◆ RAW DATA:
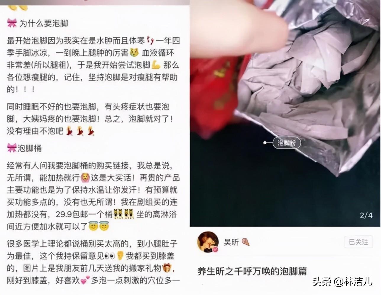 针对容易胖的小腿,她还独创了瘦小腿的方法,就是泡脚。一开始,她本来只是为了去水肿和解决手脚冰凉的问题,没想到却意外收到了瘦腿的功,吴昕还在社交平台分享了泡脚的心得,她也表示,泡脚瘦腿一定要坚持才有,加什么东西促发汗,都不如一个星期坚持3次重要。
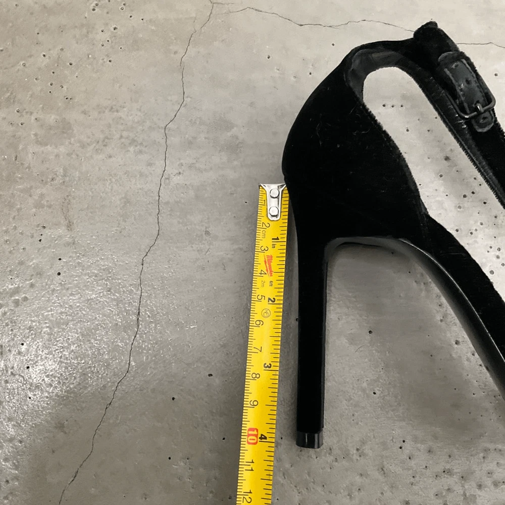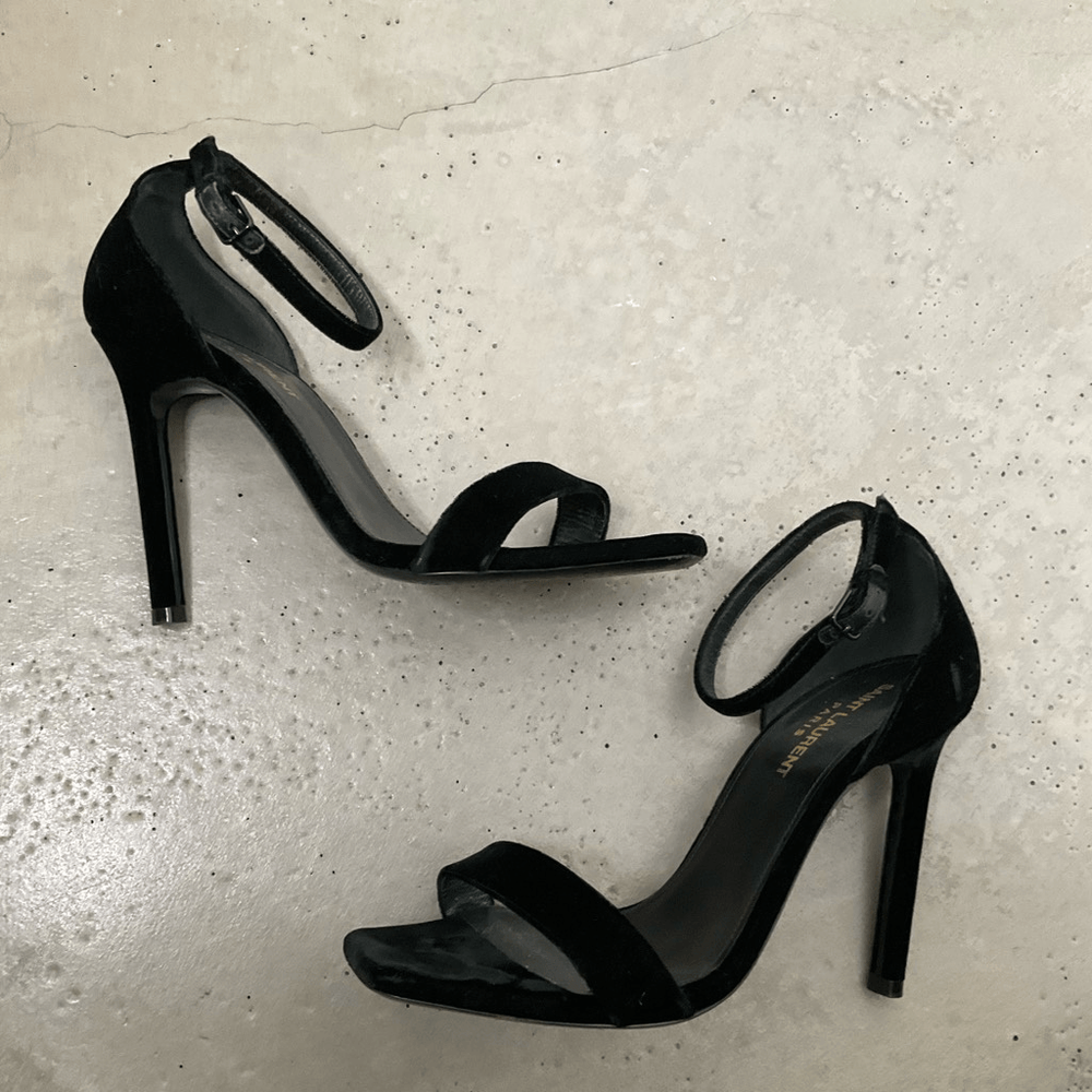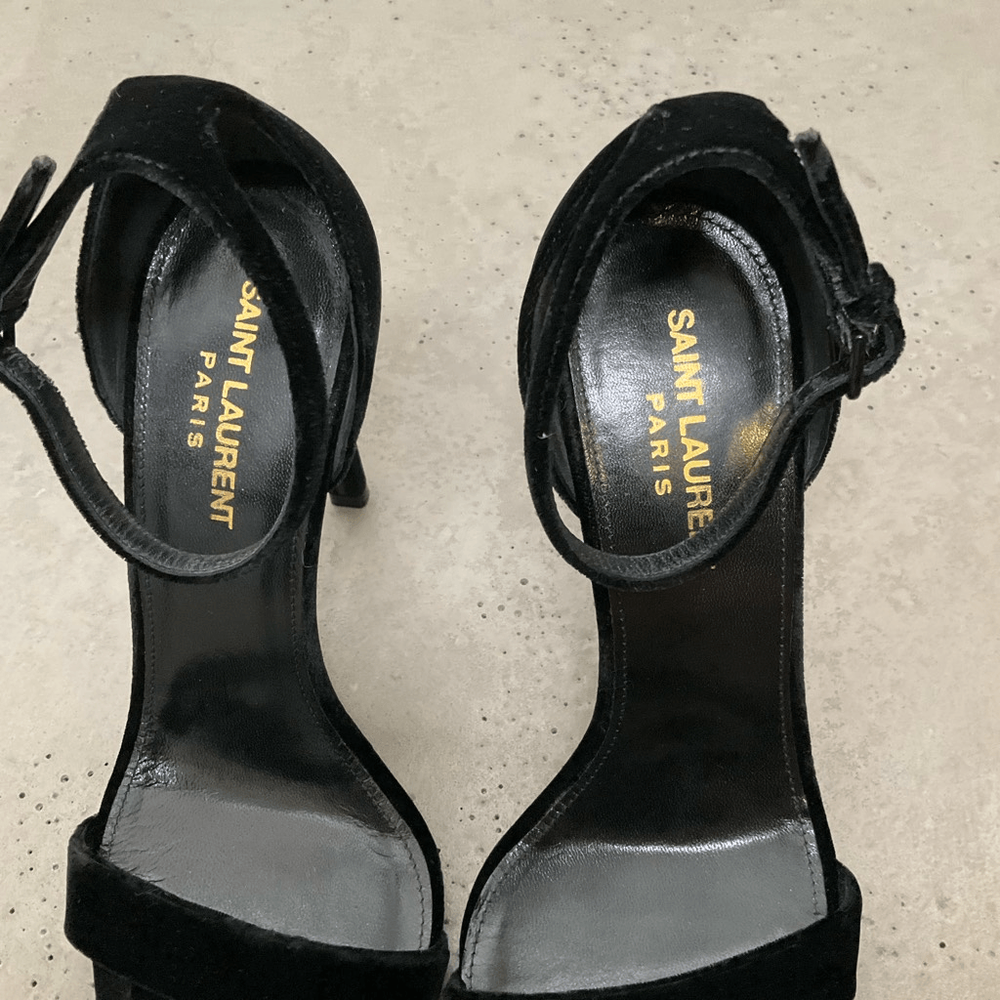 Saint Laurent Velvet Open Toe Heels Strap around toes Strap around ankle with buckle Worn few times See photo for heel height Comes in box with dust bags Color: Black Size: 37 = US 6.5 Excellent Condition
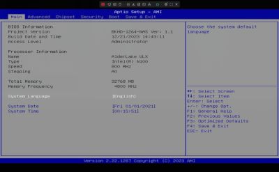 | BIOS | AMI Aptio V (version 2.22.1287 on units shipped late 2023) |
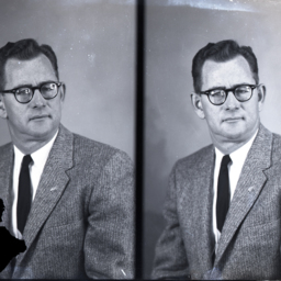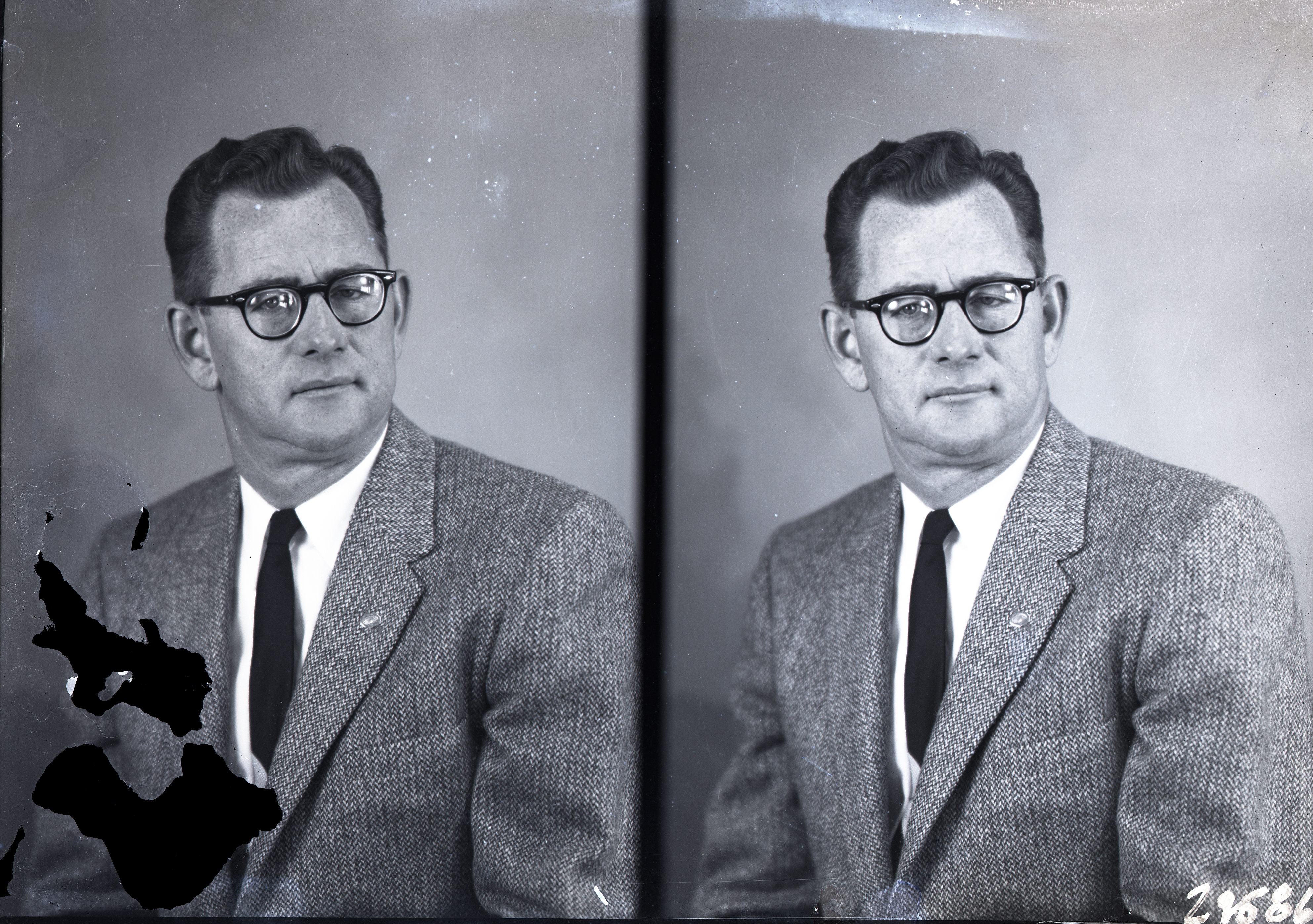 Photo of two separate portrait photographs of the same unidentified man with glasses and wearing a suit and tie.

◆ YOUR INSTRUCTIONS:
The reply should consist only of the lines running from the one with "Saint Laurent Velvet" through the end of the material, both included, copied exactly; please omit pictures.

◆ OUTPUT FOR THIS EXERCISE:
 Saint Laurent Velvet Open Toe Heels Strap around toes Strap around ankle with buckle Worn few times See photo for heel height Comes in box with dust bags Color: Black Size: 37 = US 6.5 Excellent Condition
 | BIOS | AMI Aptio V (version 2.22.1287 on units shipped late 2023) |
 Photo of two separate portrait photographs of the same unidentified man with glasses and wearing a suit and tie.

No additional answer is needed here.